▶ **Instructions for the task**
An exact transcription of every entry is required, with the images left out.

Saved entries
□ □ □ □
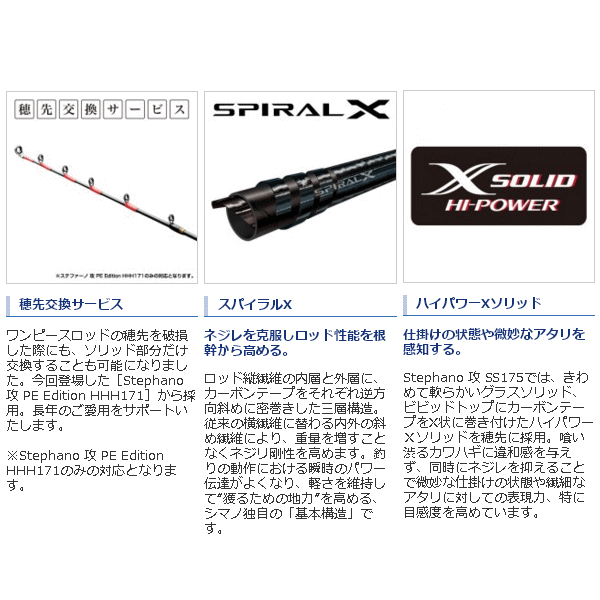 スパイラルX採用はもちろん、ハイパワーXティップ、フィッティングサポートCI4+リールシートなど、シマノが誇る数々のテクノロジーを集約。
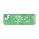 Anpassa enkelt dessa returetiketter med bara några klick. De här adress-klistermärkena dekoreras med vit skripttext över en grönt bakgrund.
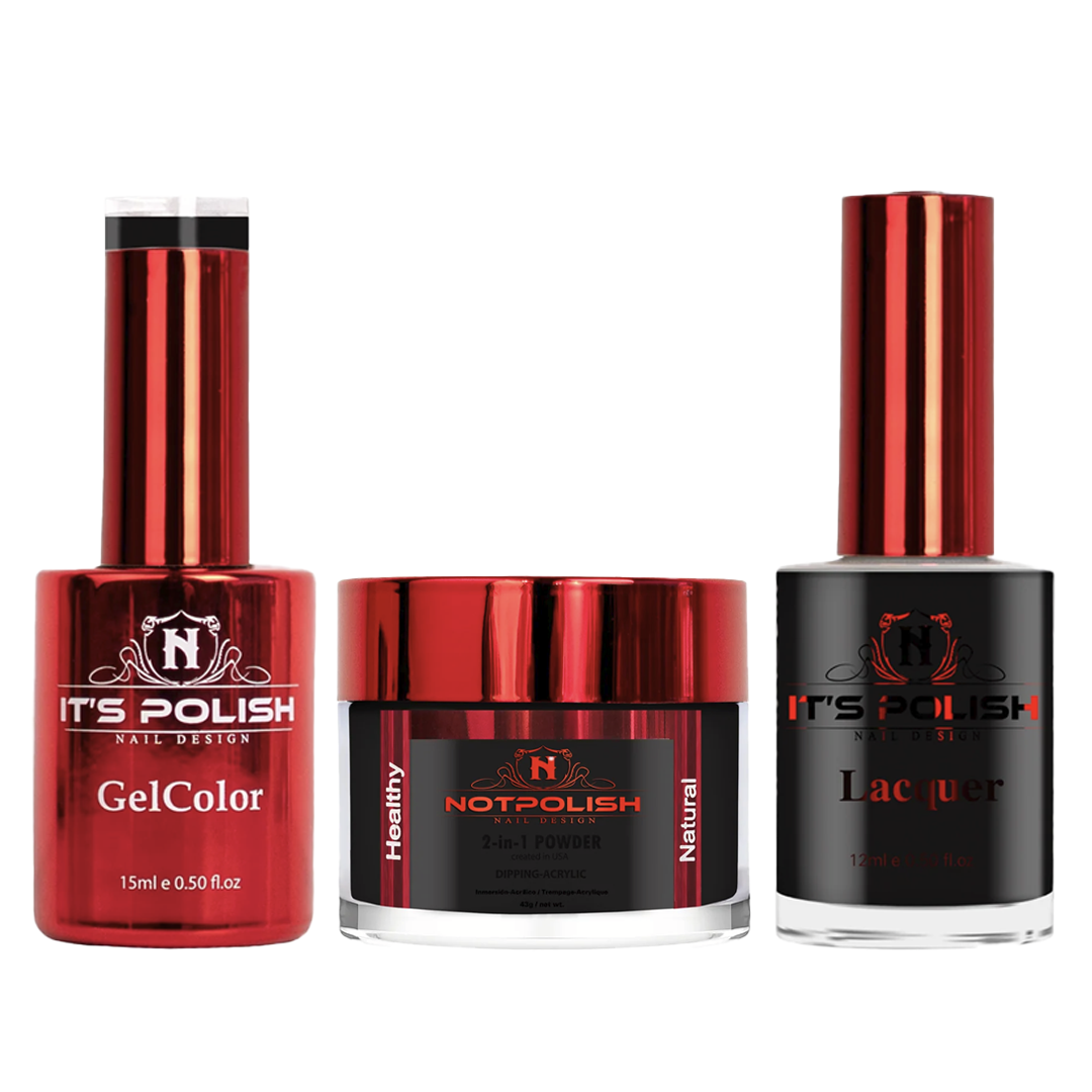 NOTPOLISH Trio - OG03 Black includes a gel polish, a matching lacquer and powder. The set provides a complete solution for a professional manicure with a long-lasting and beautiful color.
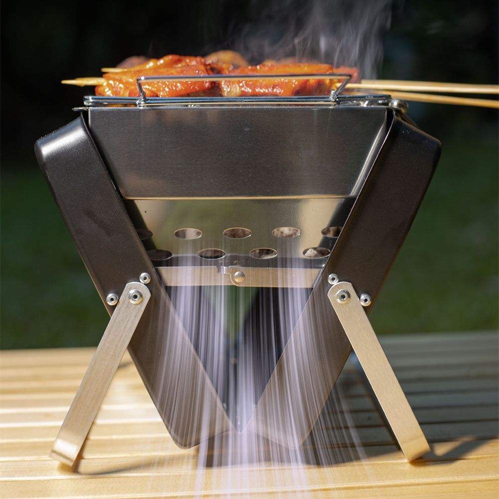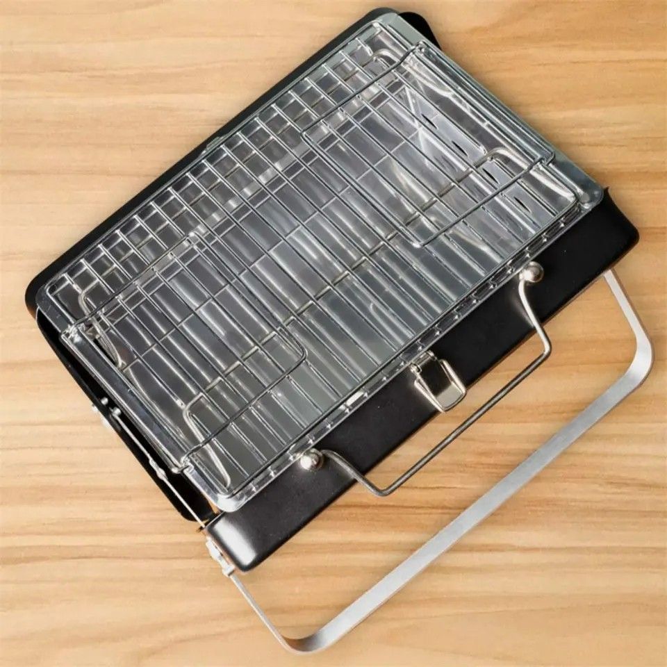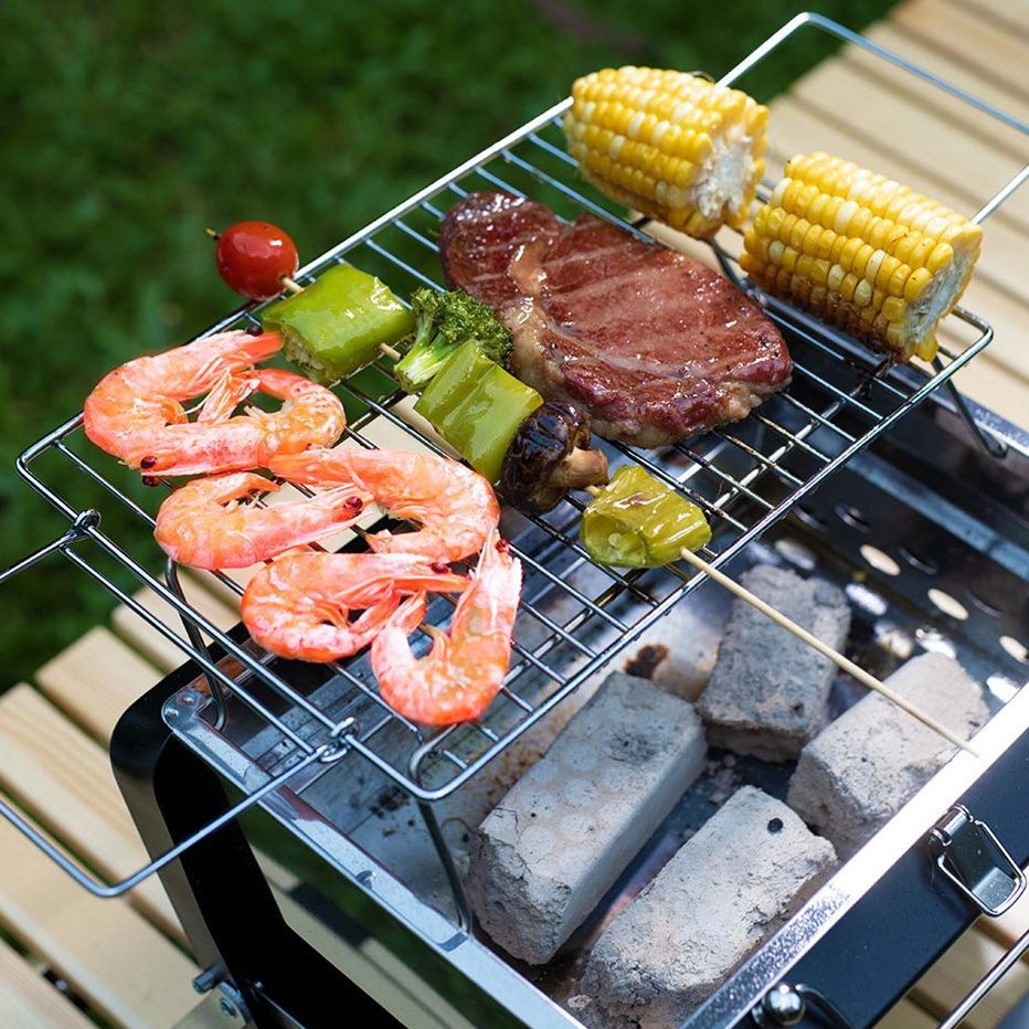 Портативный гриль отличается компактным дизайном в виде чемодана, который легко разбирается и складывается. Он создан из безопасных материалов и подходит для контакта с пищевыми продуктами.
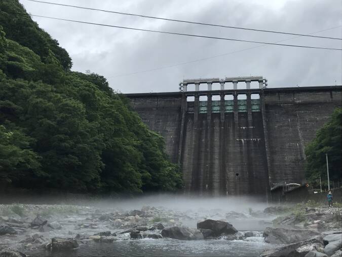 建設され、洪水調整および発電を目的とする「多目的ダム」。
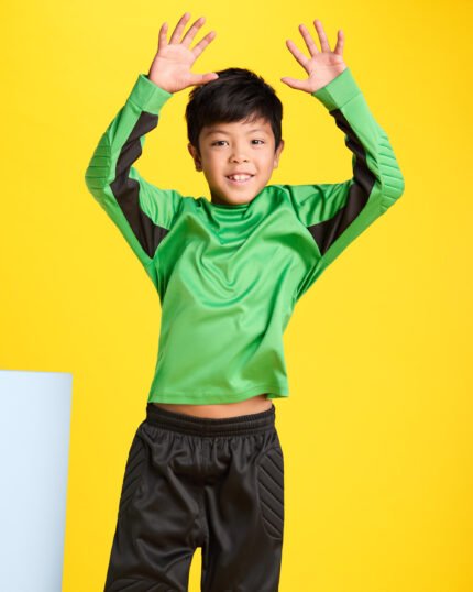 Pantalón largo de portero transpirable. Paneles laterales acolchados. Cintura engomada y cordón de ajuste. Rib 1×1 en tobillos.Composición: 100% poliéster,
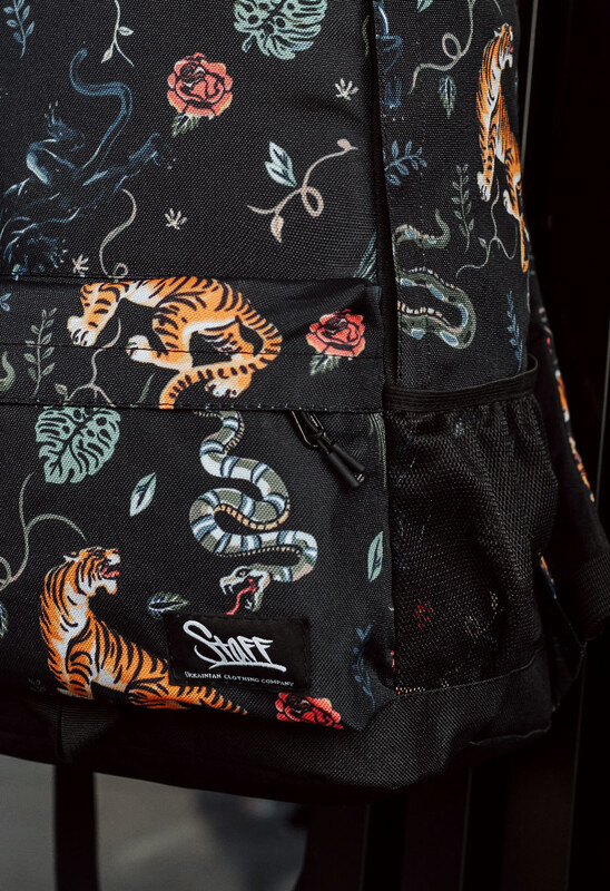 - основне відділення на двоходовій блискавці, нижня кишеня на блискавці, дві сітчатих кишені з боків;
□ □ □ □
▶ **Result below**
 スパイラルX採用はもちろん、ハイパワーXティップ、フィッティングサポートCI4+リールシートなど、シマノが誇る数々のテクノロジーを集約。
 Anpassa enkelt dessa returetiketter med bara några klick. De här adress-klistermärkena dekoreras med vit skripttext över en grönt bakgrund.
 NOTPOLISH Trio - OG03 Black includes a gel polish, a matching lacquer and powder. The set provides a complete solution for a professional manicure with a long-lasting and beautiful color.
 Портативный гриль отличается компактным дизайном в виде чемодана, который легко разбирается и складывается. Он создан из безопасных материалов и подходит для контакта с пищевыми продуктами.
 建設され、洪水調整および発電を目的とする「多目的ダム」。
 Pantalón largo de portero transpirable. Paneles laterales acolchados. Cintura engomada y cordón de ajuste. Rib 1×1 en tobillos.Composición: 100% poliéster,
 - основне відділення на двоходовій блискавці, нижня кишеня на блискавці, дві сітчатих кишені з боків;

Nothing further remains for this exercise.